I agree with both your and <user="genarti">'s ideas on Mary, and I also think it could have been interesting had the play just delved more into her creative life even separate from Charlie and Frank's collaboration. Even just having friends who are fellow creatives who you can talk about creative things with is an important kind of relationship that would be stronger than just the Mary-loves-Frank thing, IMO.
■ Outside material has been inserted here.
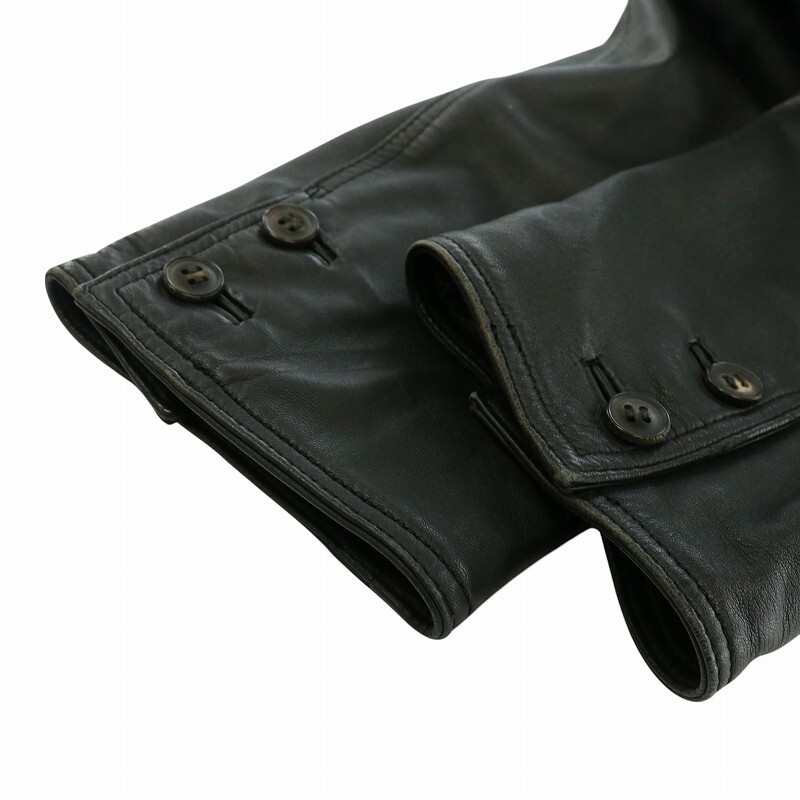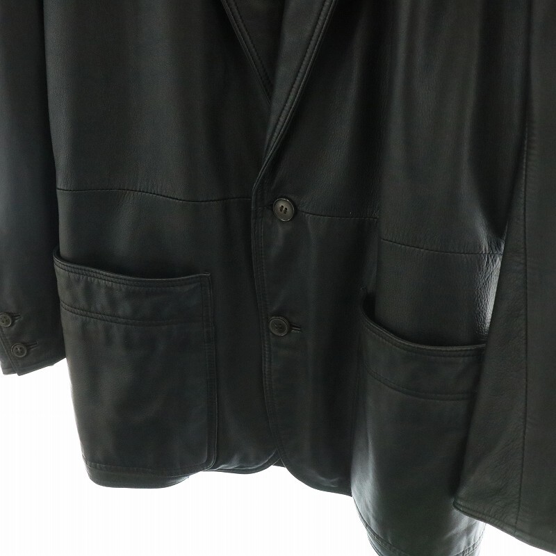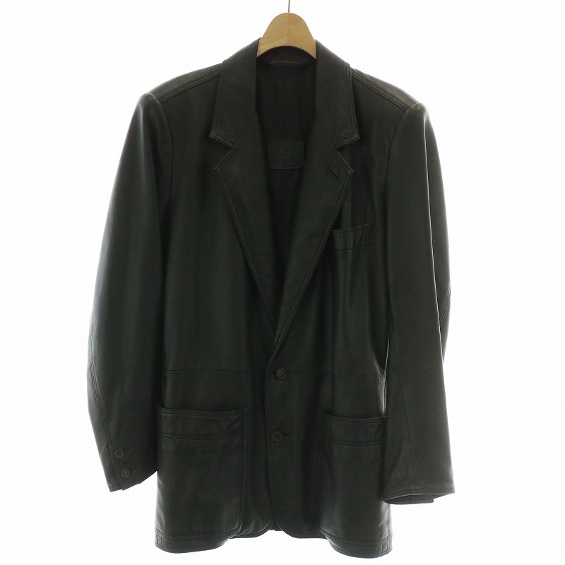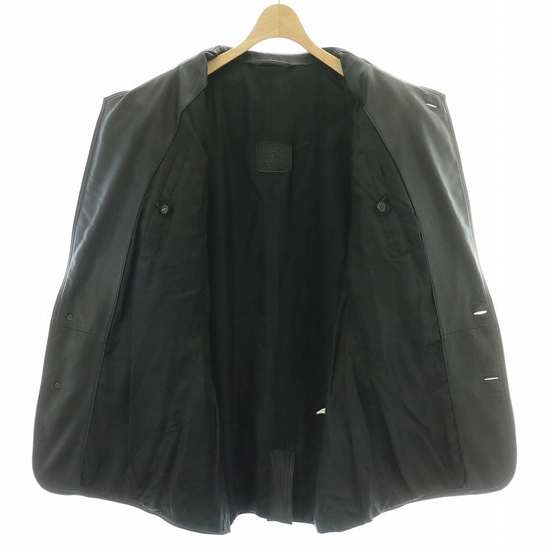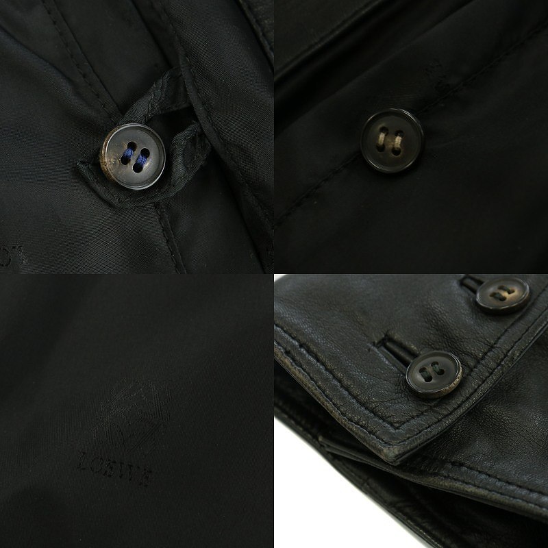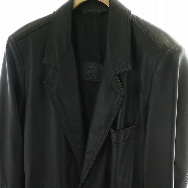 ロエベ LOEWE ヴィンテージ レザージャケット コート テーラード ショート シングル 2B ポケット 48 M 黒 ブラック /KW ■GY18 メンズ

Date: 2024-01-30 03:32 am (UTC)
genarti: Knees-down view of woman on tiptoe next to bookshelves (Default)
From: [personal profile] genarti
Yes! Those were my initial thoughts on Mary, before the idea of working it in via book adaptation came along. And I do think that would efficiently fix a lot of problems with both Mary and the show's structure and central dynamics, but just focusing on Mary's creative life and that aspect of their friendship would at least fix problems with her character.

Date: 2024-01-30 12:33 am (UTC)
troisoiseaux: (Default)
From: [personal profile] troisoiseaux
I went to go see Merrily We Roll Along on Broadway with genarti and my parents last week

Ooh, lucky!!!

Date: 2024-06-17 01:28 am (UTC)
sovay: (PJ Harvey: crow)
From: [personal profile] sovay
I will also say that it is always very charming to see Dan Radcliffe dance on stage, he always seems to be having such a great time with it.

I just accidentally ended up watching his acceptance speech; both he and it were adorable.